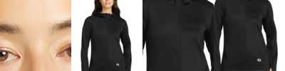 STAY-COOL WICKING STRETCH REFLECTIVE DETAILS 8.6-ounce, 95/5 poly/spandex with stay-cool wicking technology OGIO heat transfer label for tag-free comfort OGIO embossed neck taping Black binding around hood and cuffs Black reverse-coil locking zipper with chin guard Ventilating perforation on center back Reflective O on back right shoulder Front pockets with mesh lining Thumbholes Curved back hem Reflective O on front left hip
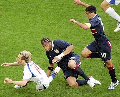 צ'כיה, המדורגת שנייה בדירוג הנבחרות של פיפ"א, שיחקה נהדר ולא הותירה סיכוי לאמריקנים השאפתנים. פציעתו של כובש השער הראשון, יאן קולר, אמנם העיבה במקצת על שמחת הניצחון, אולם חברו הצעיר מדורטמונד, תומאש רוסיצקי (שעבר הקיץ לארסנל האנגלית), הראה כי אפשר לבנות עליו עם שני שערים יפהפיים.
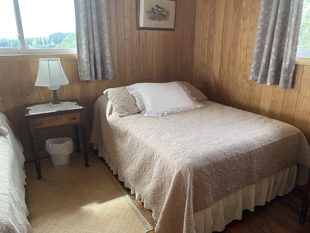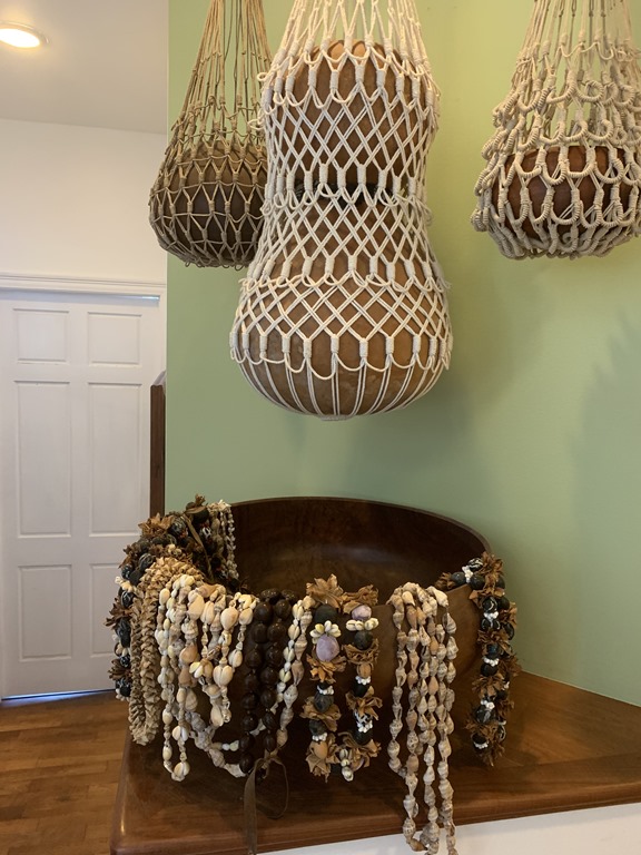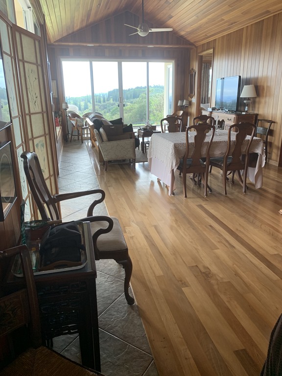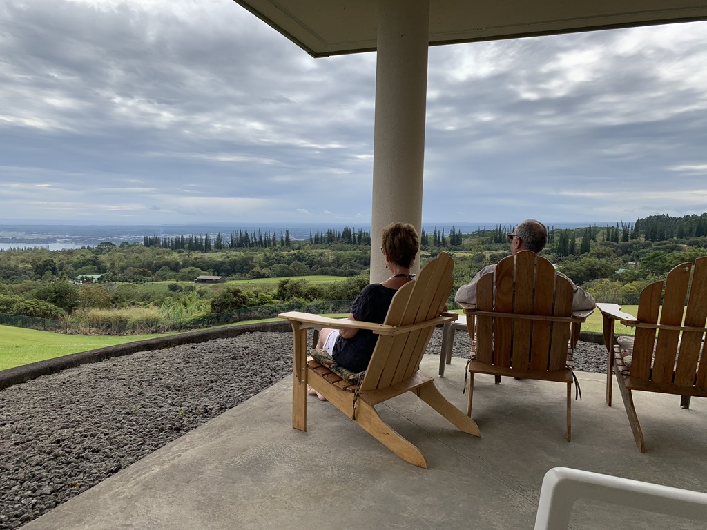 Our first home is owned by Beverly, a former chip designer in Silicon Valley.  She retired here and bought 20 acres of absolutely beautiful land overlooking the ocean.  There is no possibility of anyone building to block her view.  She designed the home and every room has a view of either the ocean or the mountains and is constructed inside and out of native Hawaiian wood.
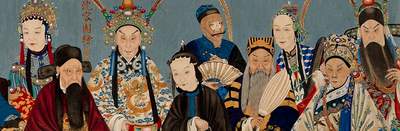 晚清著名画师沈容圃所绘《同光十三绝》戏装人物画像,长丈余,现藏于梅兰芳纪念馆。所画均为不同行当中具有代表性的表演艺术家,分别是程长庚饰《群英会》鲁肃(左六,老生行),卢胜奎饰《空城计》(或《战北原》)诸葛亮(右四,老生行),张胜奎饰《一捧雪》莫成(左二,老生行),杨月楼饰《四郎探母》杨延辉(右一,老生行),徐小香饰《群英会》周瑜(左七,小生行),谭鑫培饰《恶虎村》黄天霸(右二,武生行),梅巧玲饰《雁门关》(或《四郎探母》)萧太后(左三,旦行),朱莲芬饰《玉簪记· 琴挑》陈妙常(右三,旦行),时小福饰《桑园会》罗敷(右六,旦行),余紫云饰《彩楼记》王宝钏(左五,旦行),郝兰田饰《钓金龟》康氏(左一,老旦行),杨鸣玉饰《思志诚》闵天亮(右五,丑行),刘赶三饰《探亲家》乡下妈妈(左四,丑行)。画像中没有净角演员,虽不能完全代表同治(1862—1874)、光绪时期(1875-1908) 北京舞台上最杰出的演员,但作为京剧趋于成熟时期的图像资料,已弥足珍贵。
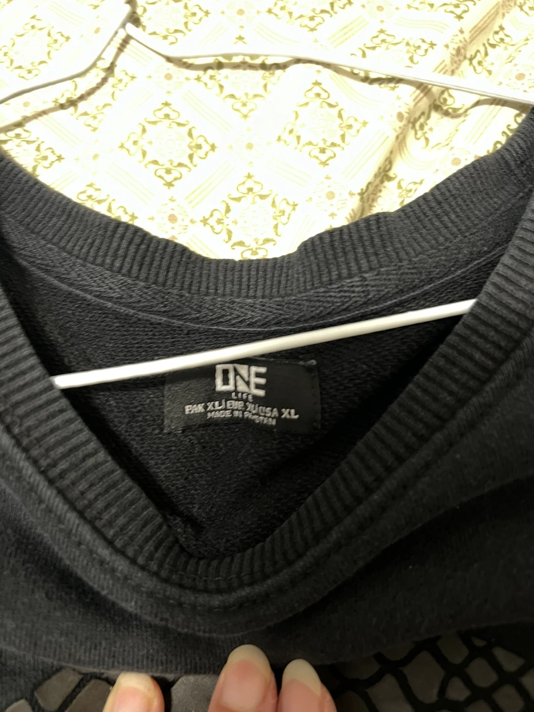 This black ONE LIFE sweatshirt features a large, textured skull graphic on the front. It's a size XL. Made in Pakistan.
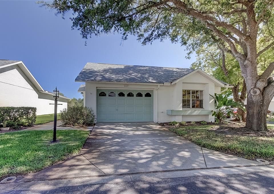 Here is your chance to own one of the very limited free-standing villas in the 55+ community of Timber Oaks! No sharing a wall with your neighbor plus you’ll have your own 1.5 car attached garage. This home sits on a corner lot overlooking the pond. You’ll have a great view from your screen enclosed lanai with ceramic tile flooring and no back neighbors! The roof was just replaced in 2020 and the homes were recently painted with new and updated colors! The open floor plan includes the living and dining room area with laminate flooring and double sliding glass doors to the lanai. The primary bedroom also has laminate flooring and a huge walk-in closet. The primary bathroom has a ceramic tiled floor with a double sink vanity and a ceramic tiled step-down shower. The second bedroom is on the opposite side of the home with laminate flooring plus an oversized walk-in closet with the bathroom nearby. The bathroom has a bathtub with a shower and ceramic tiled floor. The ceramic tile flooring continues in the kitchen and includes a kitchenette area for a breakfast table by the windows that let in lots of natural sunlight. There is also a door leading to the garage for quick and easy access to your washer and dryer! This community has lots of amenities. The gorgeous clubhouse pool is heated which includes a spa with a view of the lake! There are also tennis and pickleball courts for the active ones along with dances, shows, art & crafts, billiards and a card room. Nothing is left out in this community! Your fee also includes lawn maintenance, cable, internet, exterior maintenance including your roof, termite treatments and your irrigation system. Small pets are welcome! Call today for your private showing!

--

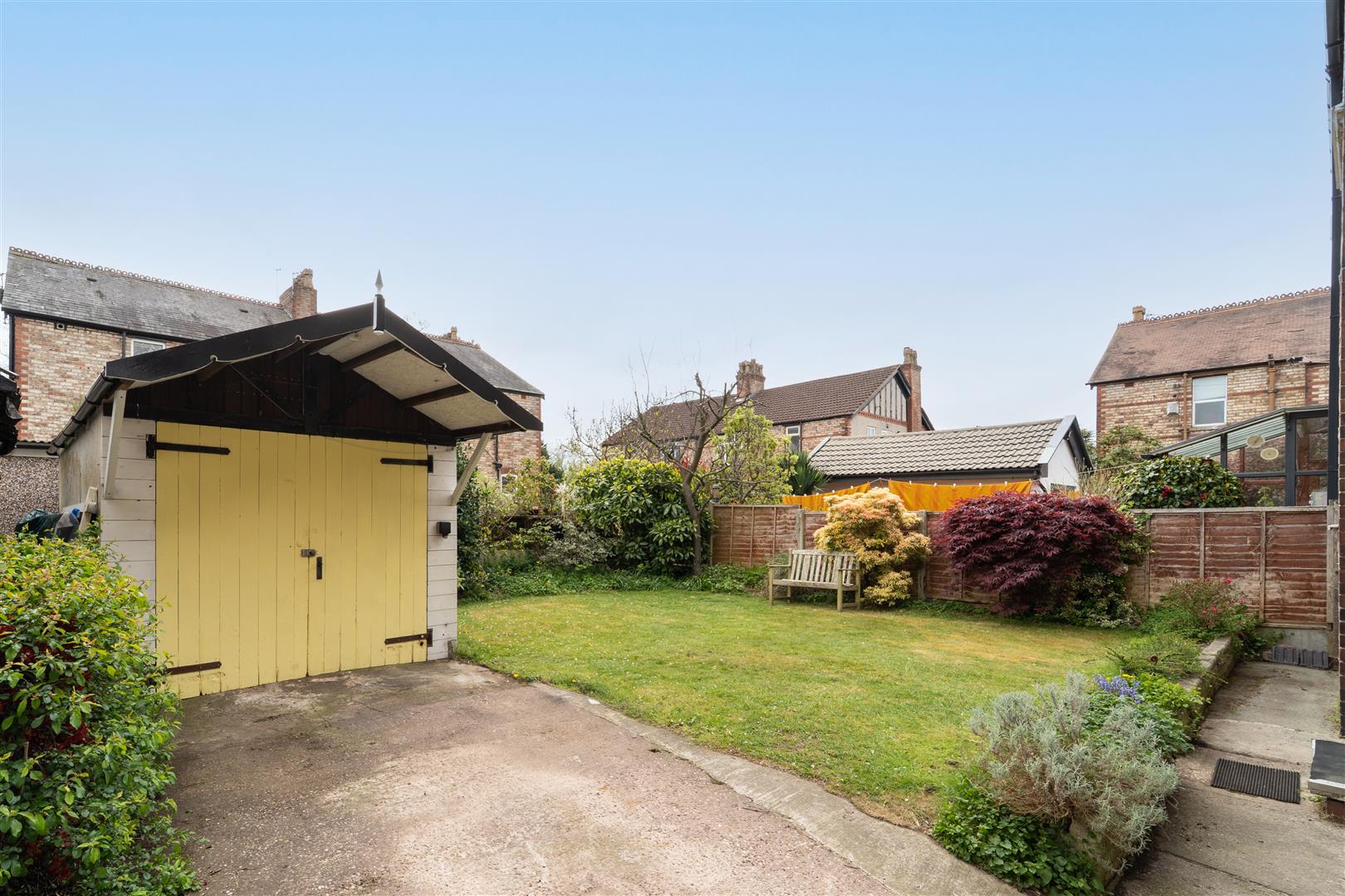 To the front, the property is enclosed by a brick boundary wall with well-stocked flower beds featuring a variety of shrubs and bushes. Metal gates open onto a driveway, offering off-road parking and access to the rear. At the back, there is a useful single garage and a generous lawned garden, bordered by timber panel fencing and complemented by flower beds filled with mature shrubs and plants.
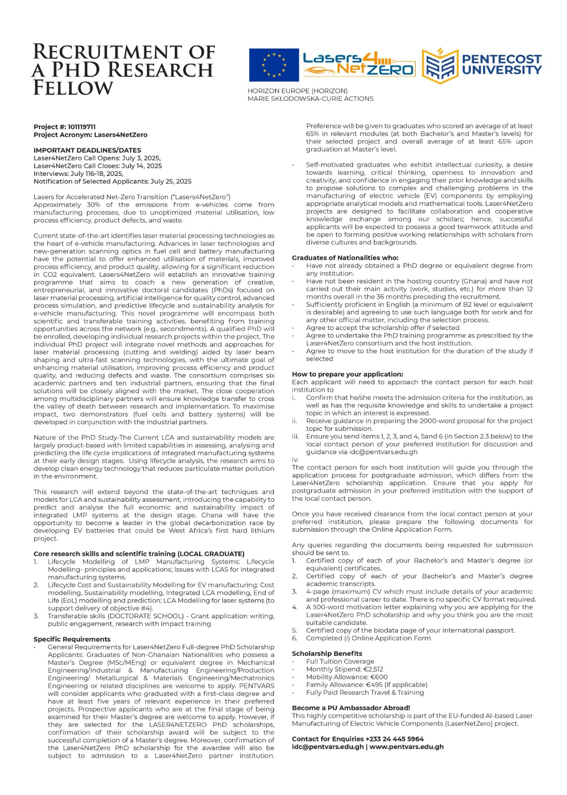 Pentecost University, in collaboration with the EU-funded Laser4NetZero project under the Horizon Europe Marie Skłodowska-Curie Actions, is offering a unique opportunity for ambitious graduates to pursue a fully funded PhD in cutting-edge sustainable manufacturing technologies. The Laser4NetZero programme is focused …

Directions
In the data above, find the line containing "STAY-COOL WICKING STRETCH" and the line containing "צ'כיה, המדורגת שנייה". Repeat those two lines and everything between them exactly, minus the pictures.

Written answer
 STAY-COOL WICKING STRETCH REFLECTIVE DETAILS 8.6-ounce, 95/5 poly/spandex with stay-cool wicking technology OGIO heat transfer label for tag-free comfort OGIO embossed neck taping Black binding around hood and cuffs Black reverse-coil locking zipper with chin guard Ventilating perforation on center back Reflective O on back right shoulder Front pockets with mesh lining Thumbholes Curved back hem Reflective O on front left hip
 צ'כיה, המדורגת שנייה בדירוג הנבחרות של פיפ"א, שיחקה נהדר ולא הותירה סיכוי לאמריקנים השאפתנים. פציעתו של כובש השער הראשון, יאן קולר, אמנם העיבה במקצת על שמחת הניצחון, אולם חברו הצעיר מדורטמונד, תומאש רוסיצקי (שעבר הקיץ לארסנל האנגלית), הראה כי אפשר לבנות עליו עם שני שערים יפהפיים.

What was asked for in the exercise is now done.